The above-mentioned presentation as a core clinical event (brainstem deficit-horizontal gaze palsy) with a positive antibody test points toward the diagnosis of MOGAD as per the 2023 International MOGAD Panel criteria.^[3] Horizontal gaze palsy associated with lower motor neuron facial with spared vertical gaze, pupillary reflexes favors localization to abducens nucleus of the pons near the floor of the fourth ventricle which correlates with neuroimaging.^[4] The presentation following fever is suggestive of an infective trigger that causes immune response through mechanisms of molecular mimicry, bystander, and polyclonal activation with associated production of MOG reactive B-cells.

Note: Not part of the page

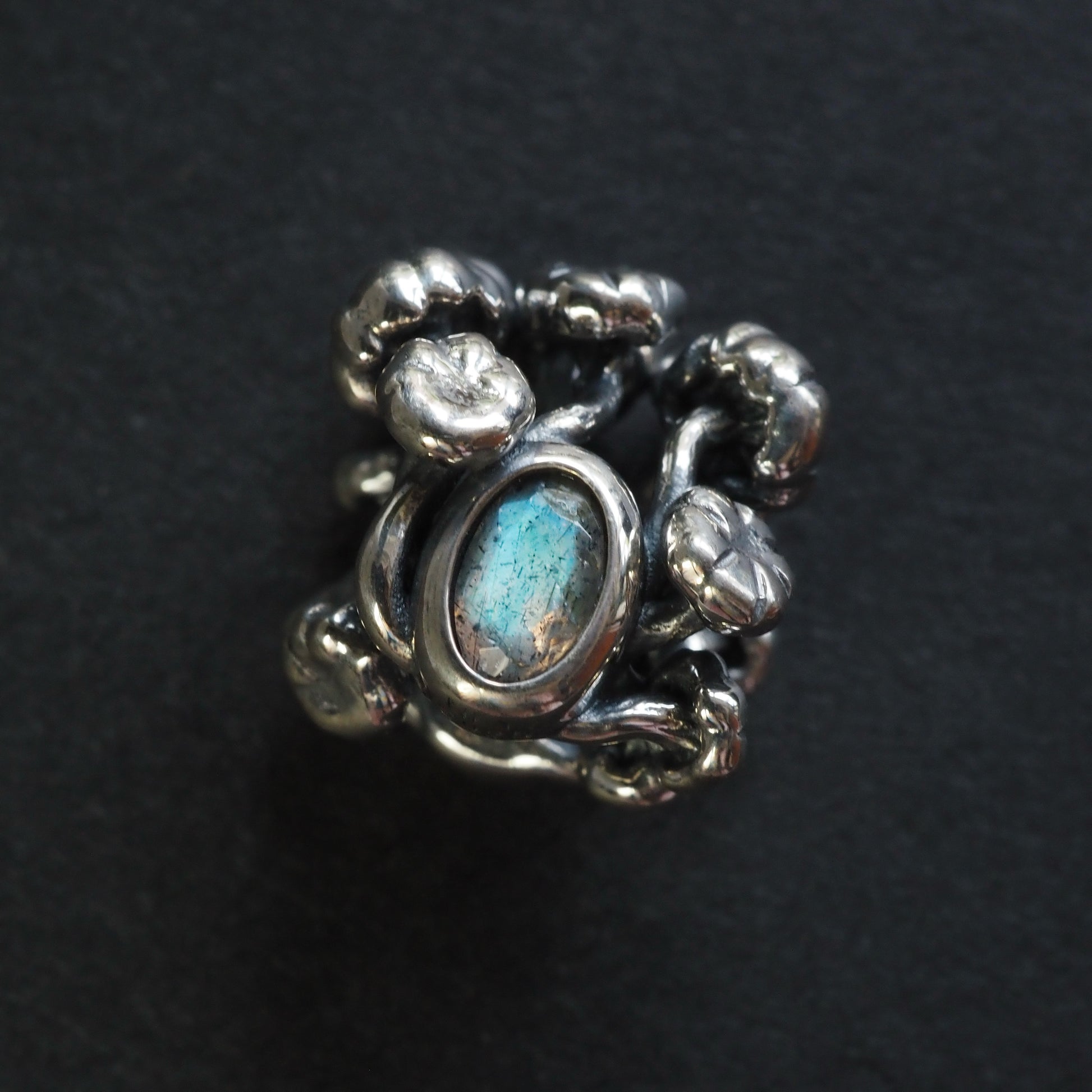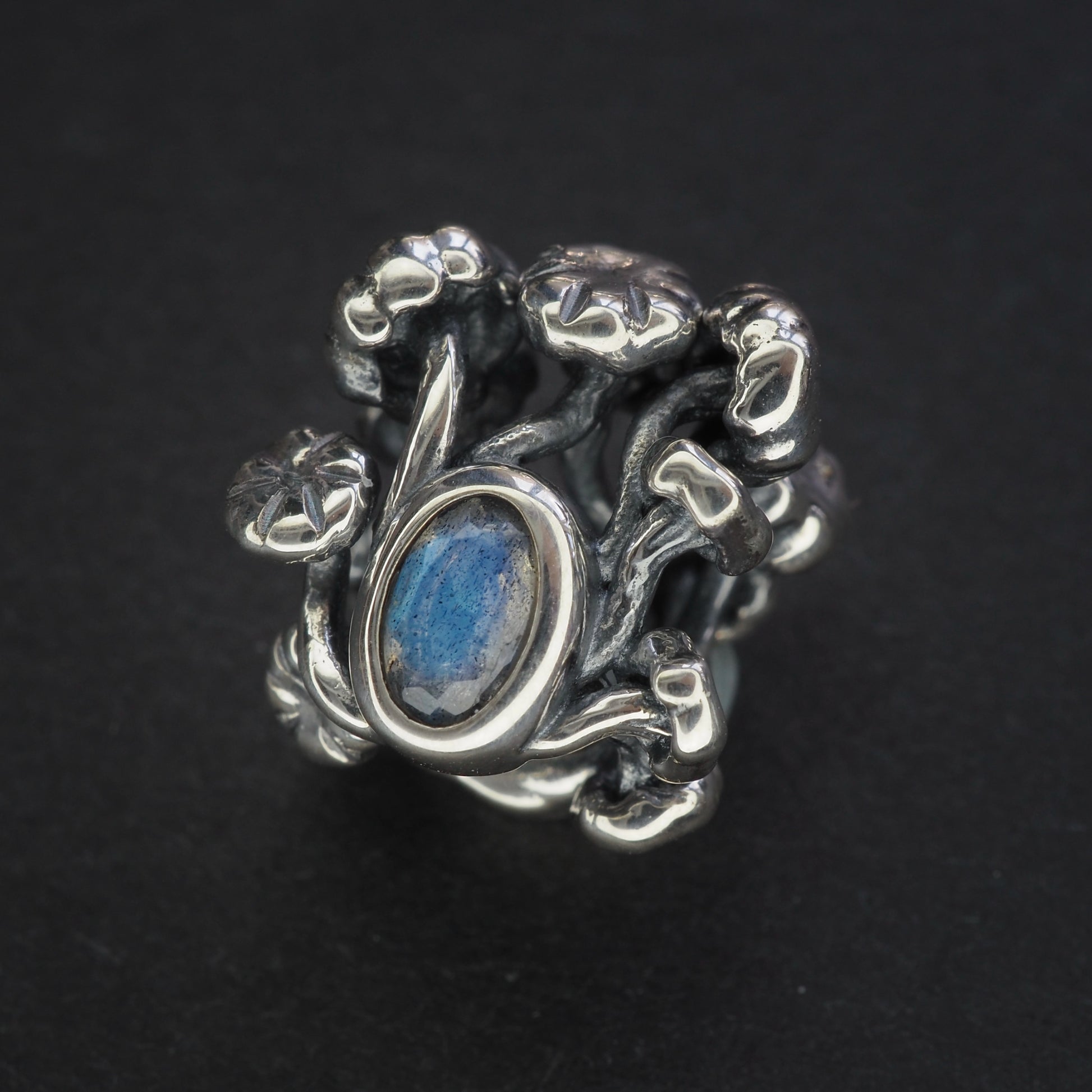 This mushroom-shaped labradorite bead features a stunning and vivid blue flash. The stone shimmers with an intense iridescent glow, revealing aurora-like hues when viewed from different angles. Its enchanting shape combined with natural brilliance gives it an otherworldly charm and a touch of magic.

Brainstem involvement is usually associated with other common MOGAD-related syndromes like optic neuritis which was subclinical with a prolonged visual evoked potential in this case.^[5,6] This case shows the importance of suspecting and working up for MOGAD in atypical presentations, prompt identification of which can lead to favorable outcomes in such patients. The strength of this case report lies in the diagnostic work-up and treatment outcome of the rare presentation in MOGAD. The limitation was that a repeat MOGAD antibody was not done at follow-up.

CONCLUSION

MOGAD has a wide spectrum of manifestations spanning from optic neuritis to ADEM and ADEM-like presentations. This case demonstrates such a presentation as rhombencephalitis. Early diagnosis and prompt intervention are crucial to avoid long-term disability in MOGAD.